#### [TO DO]
From the material below, please set down exactly the lines starting with the one with "自宅でのプロジェクターに使用" and going on through the one with "Idrisíes. Alí Ibn", without a single picture.

#### [INPUT DATA]

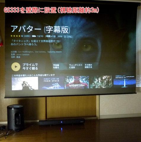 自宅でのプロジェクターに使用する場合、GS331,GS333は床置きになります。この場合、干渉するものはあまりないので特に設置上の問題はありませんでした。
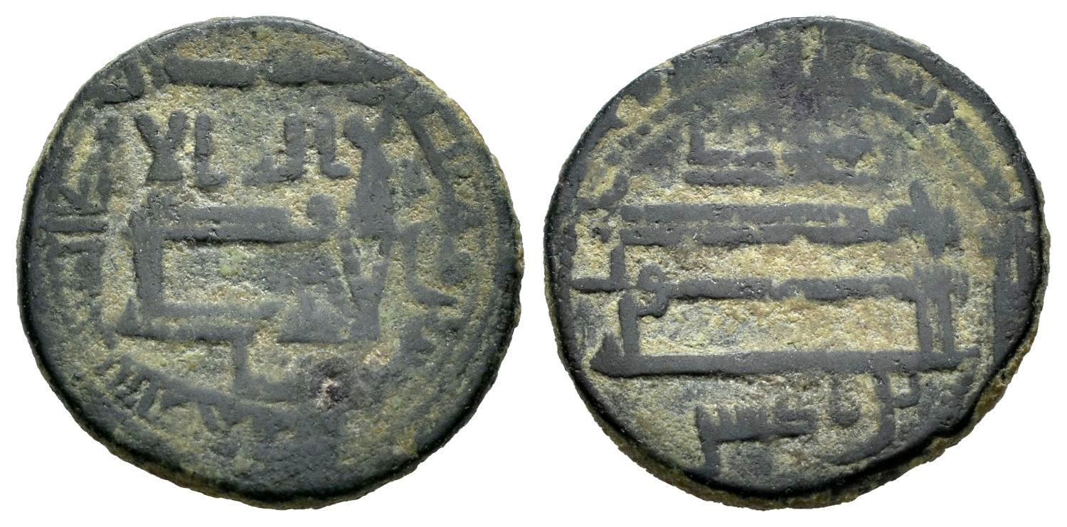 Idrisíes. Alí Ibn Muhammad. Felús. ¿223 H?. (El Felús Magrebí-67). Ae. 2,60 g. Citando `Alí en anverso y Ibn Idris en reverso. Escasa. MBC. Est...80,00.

==

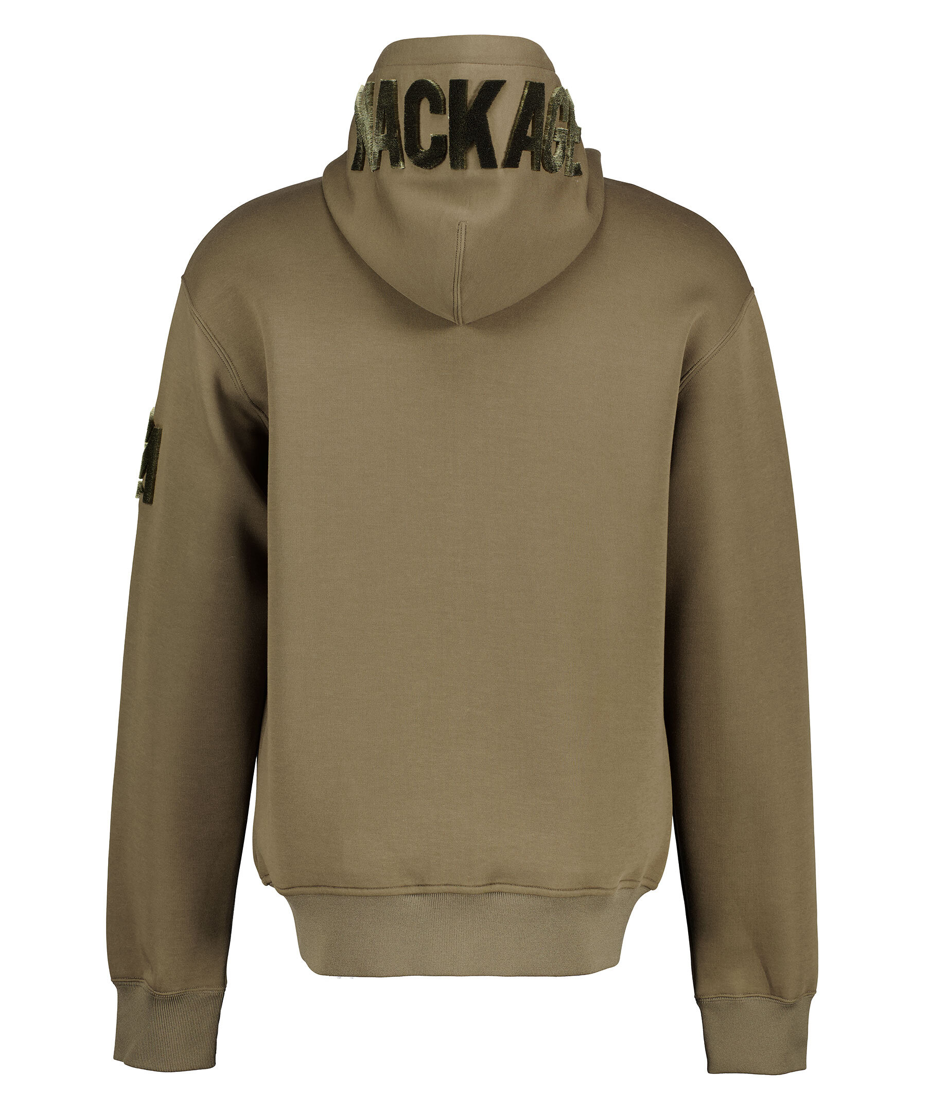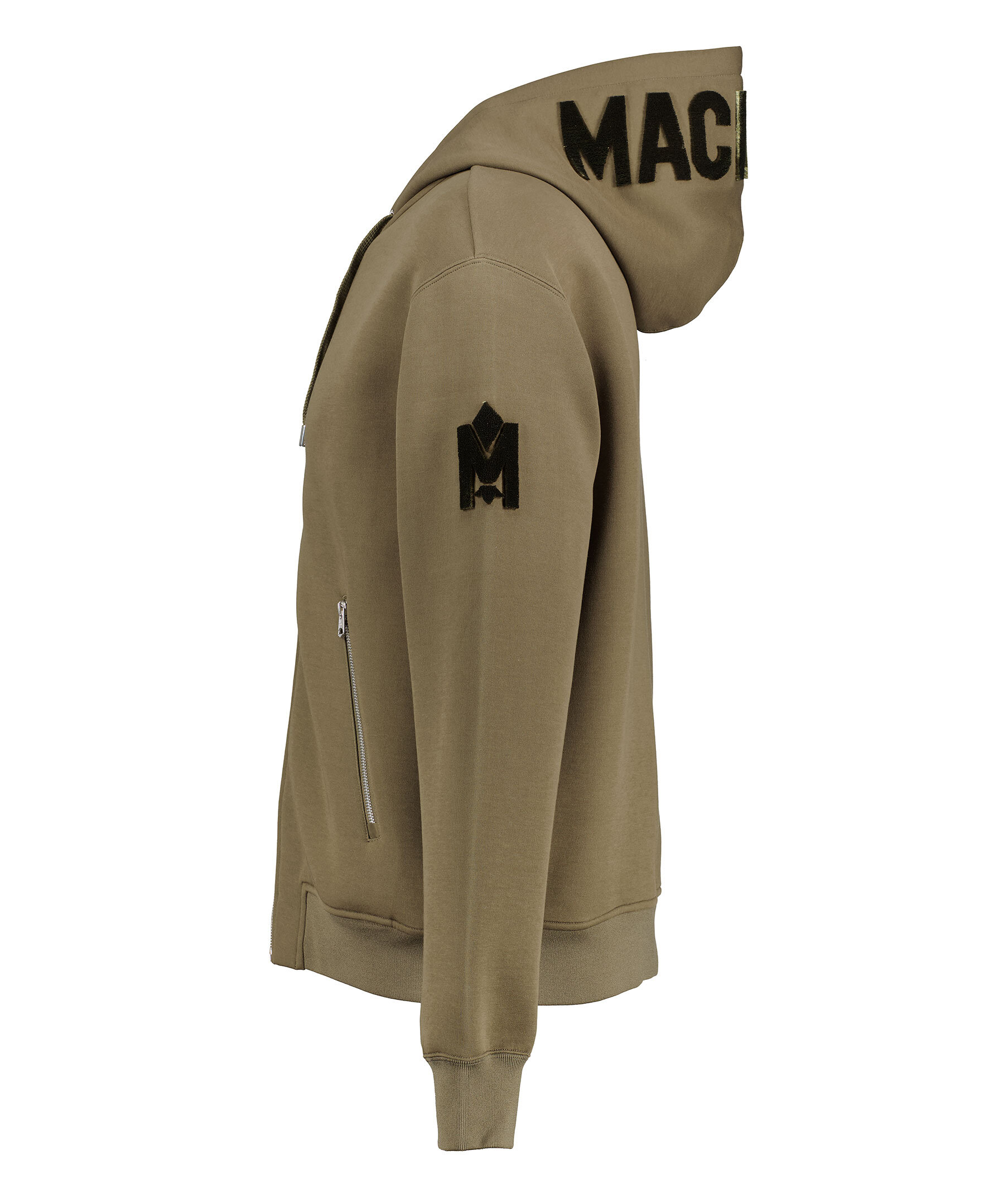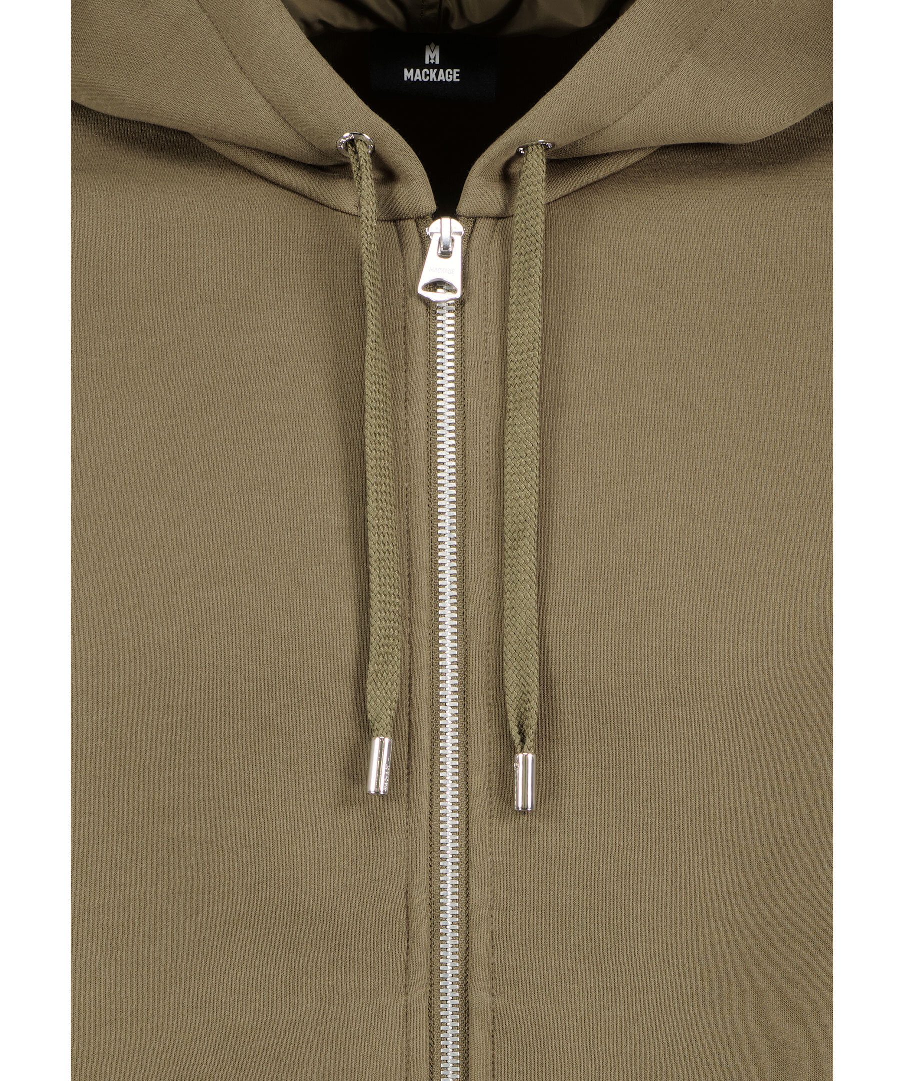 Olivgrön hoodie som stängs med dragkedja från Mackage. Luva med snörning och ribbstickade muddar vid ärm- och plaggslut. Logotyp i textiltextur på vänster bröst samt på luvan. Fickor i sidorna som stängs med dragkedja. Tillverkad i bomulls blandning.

#### [WORKED SOLUTION]
 自宅でのプロジェクターに使用する場合、GS331,GS333は床置きになります。この場合、干渉するものはあまりないので特に設置上の問題はありませんでした。
 Idrisíes. Alí Ibn Muhammad. Felús. ¿223 H?. (El Felús Magrebí-67). Ae. 2,60 g. Citando `Alí en anverso y Ibn Idris en reverso. Escasa. MBC. Est...80,00.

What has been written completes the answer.